## [Entries supplied]
——————————

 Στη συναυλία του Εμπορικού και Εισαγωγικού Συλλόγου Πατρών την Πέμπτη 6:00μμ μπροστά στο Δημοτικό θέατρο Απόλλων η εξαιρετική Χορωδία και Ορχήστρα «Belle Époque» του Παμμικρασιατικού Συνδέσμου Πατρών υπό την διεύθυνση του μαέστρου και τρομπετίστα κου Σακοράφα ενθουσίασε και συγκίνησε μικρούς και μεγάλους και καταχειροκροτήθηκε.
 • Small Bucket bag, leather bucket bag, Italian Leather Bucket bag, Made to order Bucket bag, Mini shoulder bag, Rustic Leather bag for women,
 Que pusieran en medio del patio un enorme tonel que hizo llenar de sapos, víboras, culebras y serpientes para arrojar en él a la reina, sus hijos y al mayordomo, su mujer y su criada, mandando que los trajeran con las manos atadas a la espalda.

——————————

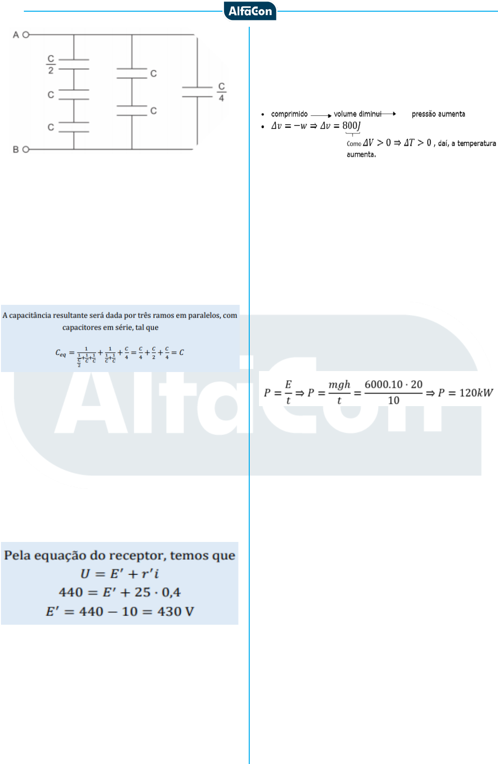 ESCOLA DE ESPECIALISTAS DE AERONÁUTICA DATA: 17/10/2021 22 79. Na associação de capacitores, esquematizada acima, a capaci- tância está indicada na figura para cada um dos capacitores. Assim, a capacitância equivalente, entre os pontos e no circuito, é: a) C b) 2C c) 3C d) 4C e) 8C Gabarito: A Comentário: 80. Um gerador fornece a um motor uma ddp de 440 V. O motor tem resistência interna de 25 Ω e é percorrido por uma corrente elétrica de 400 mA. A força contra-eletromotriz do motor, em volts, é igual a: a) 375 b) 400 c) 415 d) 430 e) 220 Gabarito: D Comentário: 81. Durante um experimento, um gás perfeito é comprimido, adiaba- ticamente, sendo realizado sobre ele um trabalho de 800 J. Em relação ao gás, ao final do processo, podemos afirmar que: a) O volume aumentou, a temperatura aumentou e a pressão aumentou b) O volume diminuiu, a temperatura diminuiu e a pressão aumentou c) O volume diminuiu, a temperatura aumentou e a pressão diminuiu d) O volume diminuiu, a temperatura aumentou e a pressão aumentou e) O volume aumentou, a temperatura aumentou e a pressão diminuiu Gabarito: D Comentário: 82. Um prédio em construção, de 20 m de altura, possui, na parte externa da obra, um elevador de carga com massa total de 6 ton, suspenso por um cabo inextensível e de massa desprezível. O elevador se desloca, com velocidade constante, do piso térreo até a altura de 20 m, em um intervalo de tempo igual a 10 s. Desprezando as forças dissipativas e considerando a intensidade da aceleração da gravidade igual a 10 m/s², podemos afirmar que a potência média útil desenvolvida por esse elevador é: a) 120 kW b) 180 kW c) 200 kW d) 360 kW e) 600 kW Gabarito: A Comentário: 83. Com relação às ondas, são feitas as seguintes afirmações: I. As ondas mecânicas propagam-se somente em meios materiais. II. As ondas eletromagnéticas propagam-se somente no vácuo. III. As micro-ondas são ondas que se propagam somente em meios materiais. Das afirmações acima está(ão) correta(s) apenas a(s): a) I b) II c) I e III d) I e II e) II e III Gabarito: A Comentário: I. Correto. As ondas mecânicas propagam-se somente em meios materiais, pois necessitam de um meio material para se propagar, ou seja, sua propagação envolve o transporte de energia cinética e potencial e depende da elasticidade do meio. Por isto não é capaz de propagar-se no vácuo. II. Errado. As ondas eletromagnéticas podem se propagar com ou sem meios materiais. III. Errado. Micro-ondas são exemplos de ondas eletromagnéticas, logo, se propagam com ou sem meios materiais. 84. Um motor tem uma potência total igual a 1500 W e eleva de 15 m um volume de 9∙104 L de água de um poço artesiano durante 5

——————————

Give the exact lines, and only those, from the line containing "Bucket bag, leather" through the line containing "Que pusieran en" in the entries above.

## [Task output]
 • Small Bucket bag, leather bucket bag, Italian Leather Bucket bag, Made to order Bucket bag, Mini shoulder bag, Rustic Leather bag for women,
 Que pusieran en medio del patio un enorme tonel que hizo llenar de sapos, víboras, culebras y serpientes para arrojar en él a la reina, sus hijos y al mayordomo, su mujer y su criada, mandando que los trajeran con las manos atadas a la espalda.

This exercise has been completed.